Step 2 [3pts]: To answer RQ2 use a regression analysis. You will need to modify the sociodemographic variables to have fewer categories (for example, you could examine inequities of women vs. non-women, income below or above 40K; people who have no college vs. some college education). Please use the raceethn variable for race and ethnicity. It is coded into 4 categories (1 is white, 2 is Black, 3 is Hispanic, 4 is Other, and 9 is those who refused the question or said they did not know).

There are many different ways you could approach this analysis. I encourage you to thoughtfully explore as if this was a real research problem in which you were engaged. For example, you can run four regressions, one for each of the sub questions in sm1 or you can run one regression where the dependent variable is whether someone did at least 1 of the behaviors in the sm1 question or where the dependent variable is a count of the number of behaviors they reported doing in sm1. You can also add additional variables to your analysis, if you think this would better inform your understanding of inequity in privacy & security in the U.S. (e.g., you could control for whether people felt knowledgeable about privacy and security [q12] or whether they perceive themselves as having control over their private information [q14]).

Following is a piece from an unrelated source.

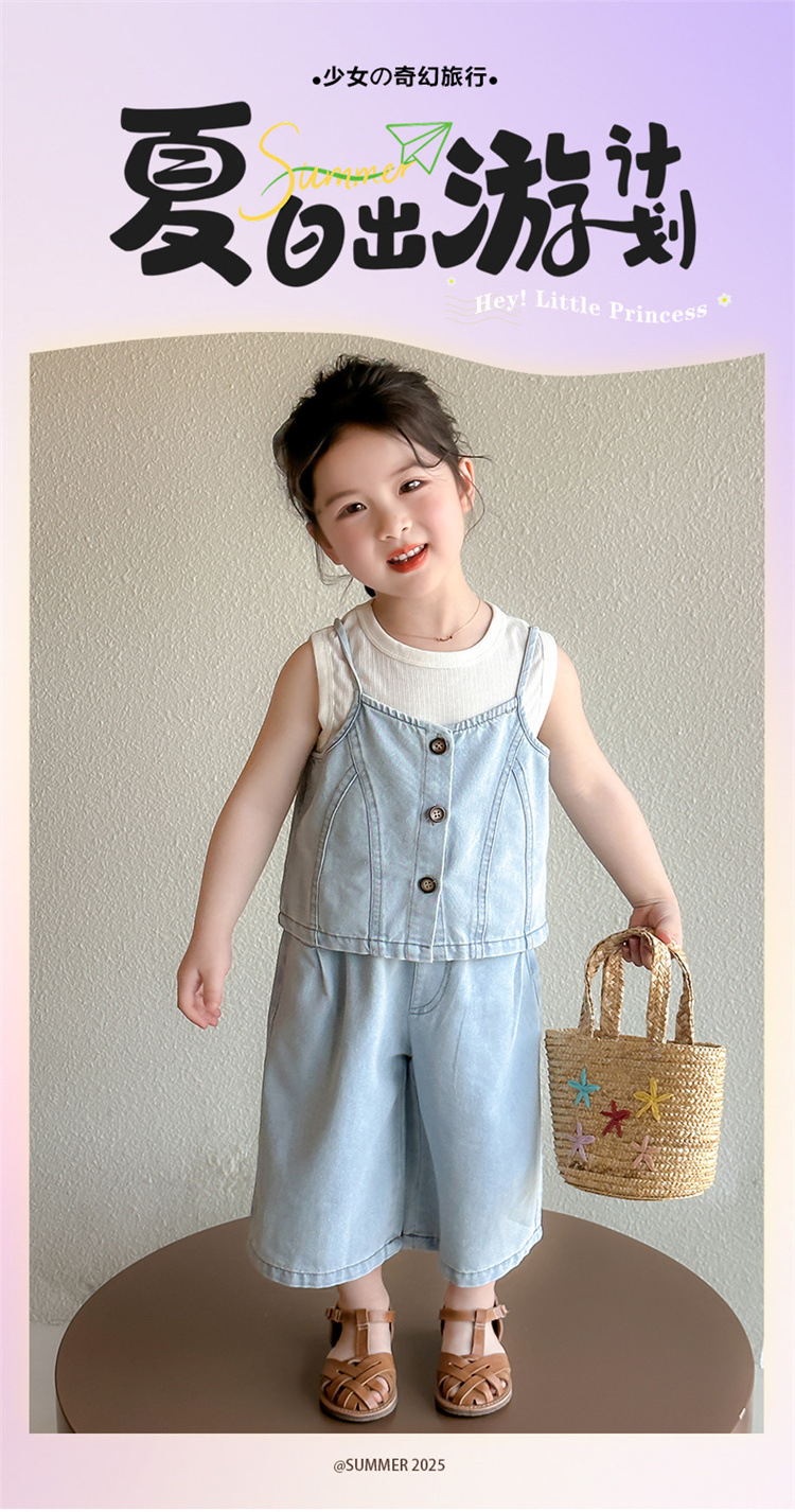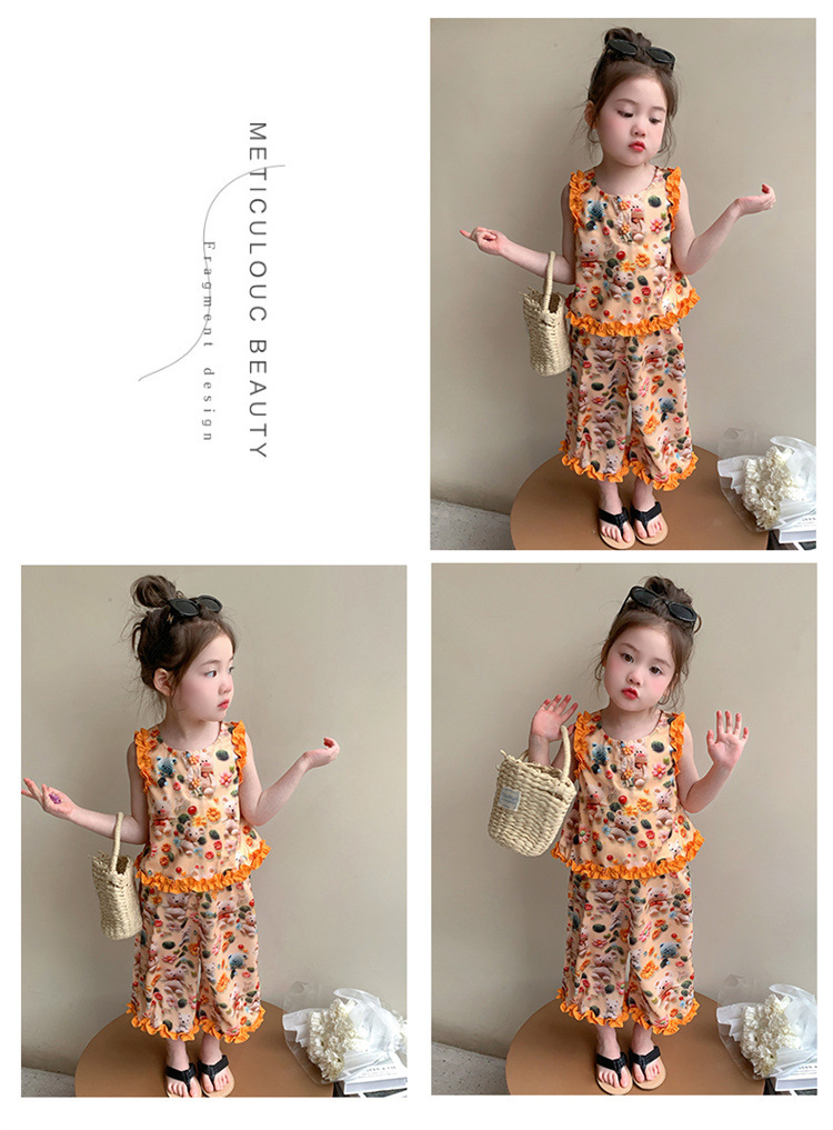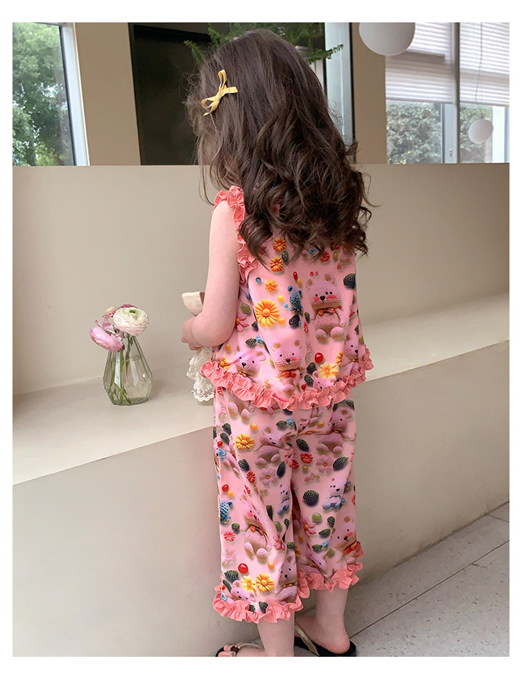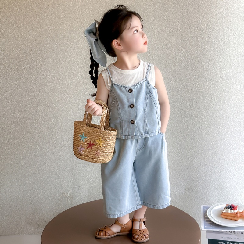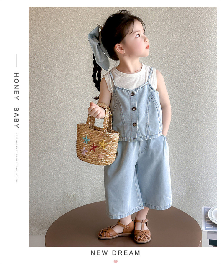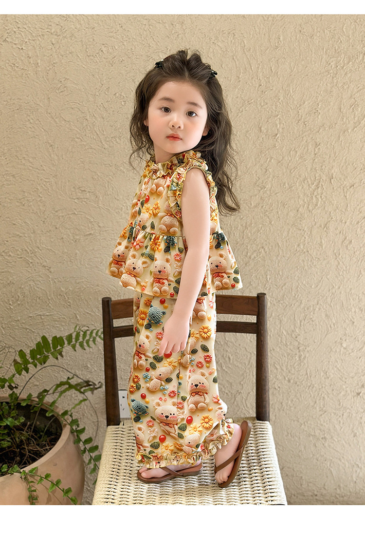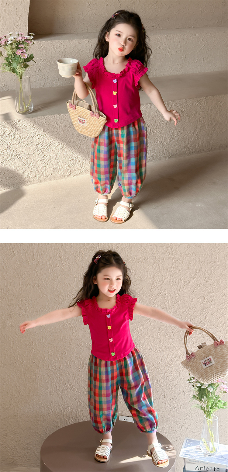 【多巴胺懒人套装】韩国潮流女童刺绣卡通短袖套装 洋气网红休闲两件套

Step 3 [4pts]: In 250 words or less, briefly justify your analysis choices (e.g., how you transformed your variables for each RQ and why you made the choices you did.

Step 4 [5pts]: In 400 words or less, report your results answering each research question; include statistical results (e.g., the p-value and other test statistics, a table of regression results) integrated into your narrative.

Here are a few examples (note these are longer than 400 words) of how to report statistical results along with your own commentary:

http://varianceexplained.org/r/trump-tweets/ (http://varianceexplained.org/r/trump-tweets/)

https://blogs.scientificamerican.com/observations/will-americans-be-willing-to-install-covid-19-tracking-apps/ (https://blogs.scientificamerican.com/observations/will-americans-be-willing-to-install-covid-19-tracking-apps/?

_gl=1*3dnats*_ga*MTgxODAwMjg5LjE2ODM4Mzc1OTY.*_ga_0P6ZGEWQVE*MTY4OTgwMDE0Ni41LjEu

Submission format:

Export your BlueSky output and submit the export as a PDF.

If using R, submit both your R script and output as PDFs.

Submit steps 3 and 4 as a single PDF.

Who provides feedback: Teaching Team.